The only source for information about Stephen is the New Testament book of the Acts of the Apostles. Stephen is mentioned in Acts 6 as one of the Greek-speaking Hellenistic Jews selected to participate in a fairer distribution of welfare to the Greek-speaking widows.
The Catholic, Anglican, Oriental Orthodox, Eastern Orthodox, and Lutheran churches and the Church of the East view Stephen as a saint. Artistic representations often show Stephen with a crown symbolising martyrdom, three stones, martyr's palm frond, censer, and often holding a miniature church building. Stephen is often shown as a young, beardless man with a tonsure, wearing a deacon's vestments.
Background
Stephen is first mentioned in the Acts of the Apostles as one of seven deacons appointed by the Apostles to distribute food and charitable aid to poorer members of the community in the early church. According to Orthodox belief, he was the eldest and is therefore called "archdeacon". As another deacon, Nicholas of Antioch, is specifically stated to have been a convert to Judaism, it may be assumed that Stephen was born Jewish, but nothing more is known about his previous life. The reason for the appointment of the deacons is stated to have been dissatisfaction among Hellenistic (that is, Greek-influenced and Greek-speaking) Jews that their widows were being slighted in preference to Hebraic ones in the daily distribution of food. Since the name "Stephanos" is Greek, it has been assumed that he was one of these Hellenistic Jews. Stephen is stated to have been full of faith and the Holy Spirit and to have performed miracles among the people.

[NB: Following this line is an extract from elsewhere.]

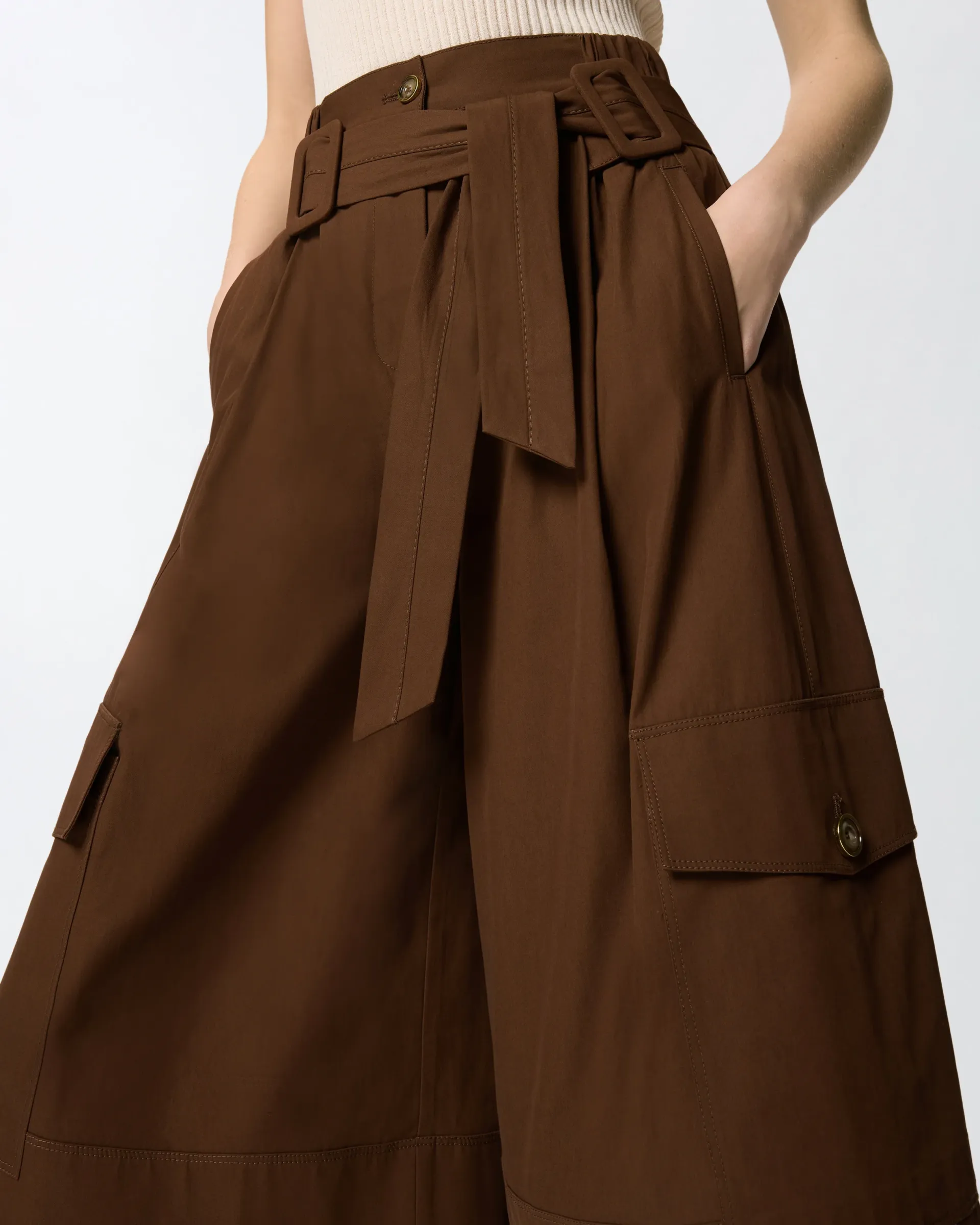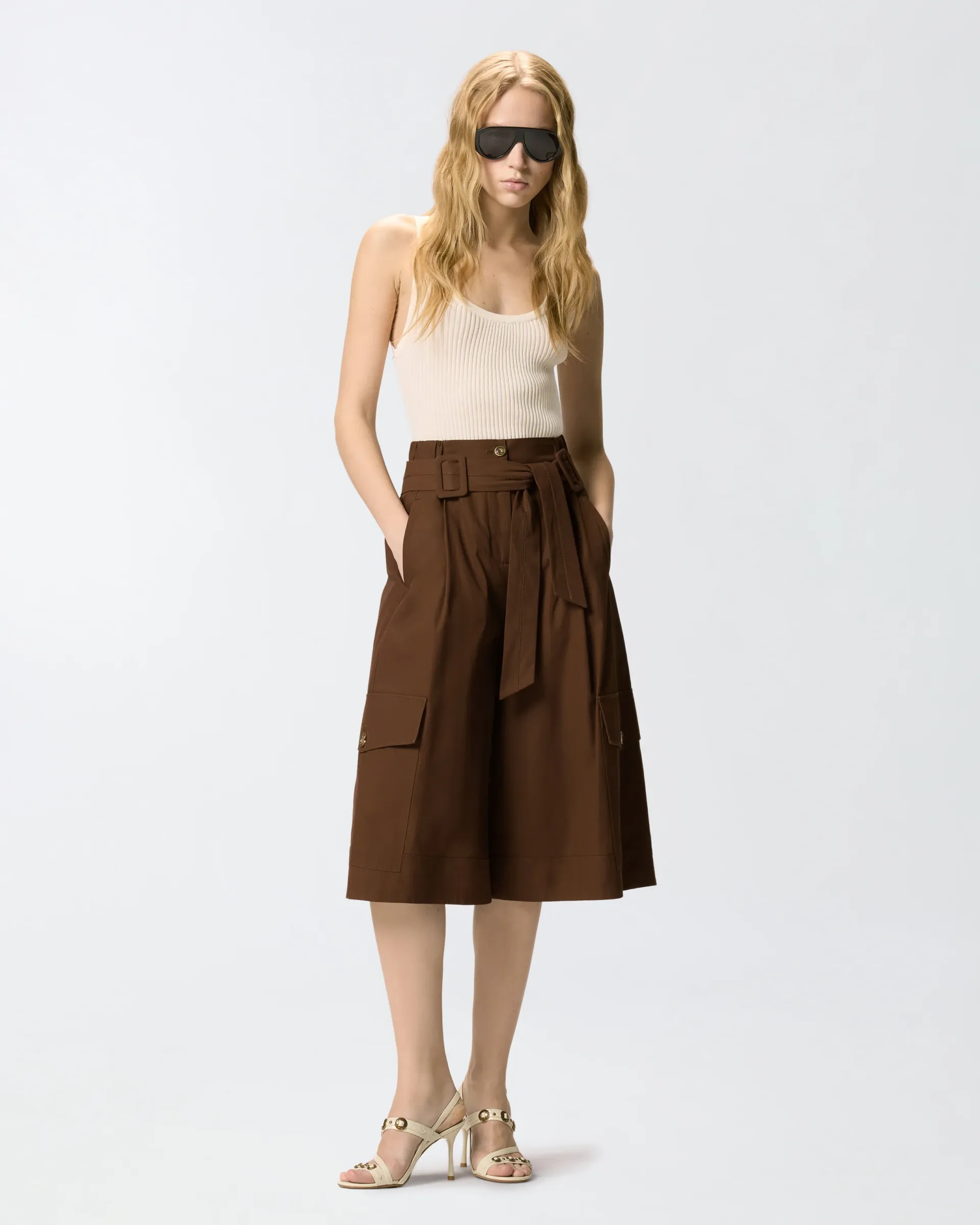 Bermudas largas de sarga de puro algodón de aspecto grueso y fluido con refinados pliegues frontales, con un cinturón de tela a juego con doble hebilla a tono para anudar en la parte delantera. La prenda también cuenta con bolsillos laterales, bolsillos traseros ribeteados, bolsillos con solapa y botón a lo largo de las perneras y una cintura elástica en los laterales. El forro interior garantiza una mayor comodidad. Elegante y actual, este modelo se convertirá en un auténtico básico de tu armario.

It seems to have been among synagogues of Hellenistic Jews that he performed his teachings and "signs and wonders" since it is said that he aroused the opposition of the "Synagogue of the Freedmen", and "of the Cyrenians, and of the Alexandrians, and of them that were of Cilicia and Asia". Members of these synagogues had challenged Stephen's teachings, but Stephen had bested them in debate. Furious at this humiliation, they suborned false testimony that Stephen had preached blasphemy against Moses and God. They dragged him to appear before the Sanhedrin, the supreme legal court of Jewish elders, accusing him of preaching against the Temple and the Mosaic Law. Stephen is said to have been unperturbed, his face looking like "that of an angel".
Speech to Sanhedrin
In a long speech to the Sanhedrin comprising almost the whole of Acts chapter 7, Stephen presents his view of the history of Israel. The God of glory, he says, appeared to Abraham in Mesopotamia, thus establishing at the beginning of the speech one of its major themes, that God does not dwell only in one particular building (meaning the Temple). Stephen recounts the stories of the patriarchs in some depth, and goes into even more detail in the case of Moses. God appeared to Moses in the burning bush, and inspired Moses to lead his people out of Egypt. Nevertheless, the Israelites turned to other gods. This establishes the second main theme of Stephen's speech, Israel's disobedience to God. Stephen faced two accusations: that he had declared that Jesus would destroy the Temple in Jerusalem and that he had changed the customs of Moses. Pope Benedict XVI stated in 2012 that St. Stephen appealed to the Jewish scriptures to prove how the laws of Moses were not subverted by Jesus but, instead, were being fulfilled. Stephen denounces his listeners as "stiff-necked" people who, just as their ancestors had done, resist the Holy Spirit. "Was there ever a prophet your ancestors did not persecute? They even killed those who predicted the coming of the Righteous One. And now you have betrayed and murdered him."
Thus castigated, the account is that the crowd could contain their anger no longer. However, Stephen looked up and cried, "Look! I see heaven open and the Son of Man standing on the right hand of God!" He said that the recently resurrected Jesus was standing by the side of God. The people from the crowd, who threw the first stones, laid their coats down so as to be able to do this, at the feet of a "young man named Saul" (later identified as Paul the Apostle). Stephen prayed that the Lord would receive his spirit and his killers be forgiven, sank to his knees, and "fell asleep". Saul "approved of their killing him." In the aftermath of Stephen's death, the remaining disciples except for the apostles fled to distant lands, many to Antioch.
Location of the martyrdom
The exact site of Stephen's stoning is not mentioned in Acts; instead there are two different traditions. One, claimed by noted French archaeologists Louis-Hugues Vincent (1872–1960) and Felix-Marie Abel (1878–1953) to be ancient, places the event at Jerusalem's northern gate, while another one, dated by Vincent and Abel to the Middle Ages and no earlier than the 12th century, locates it at the eastern gate.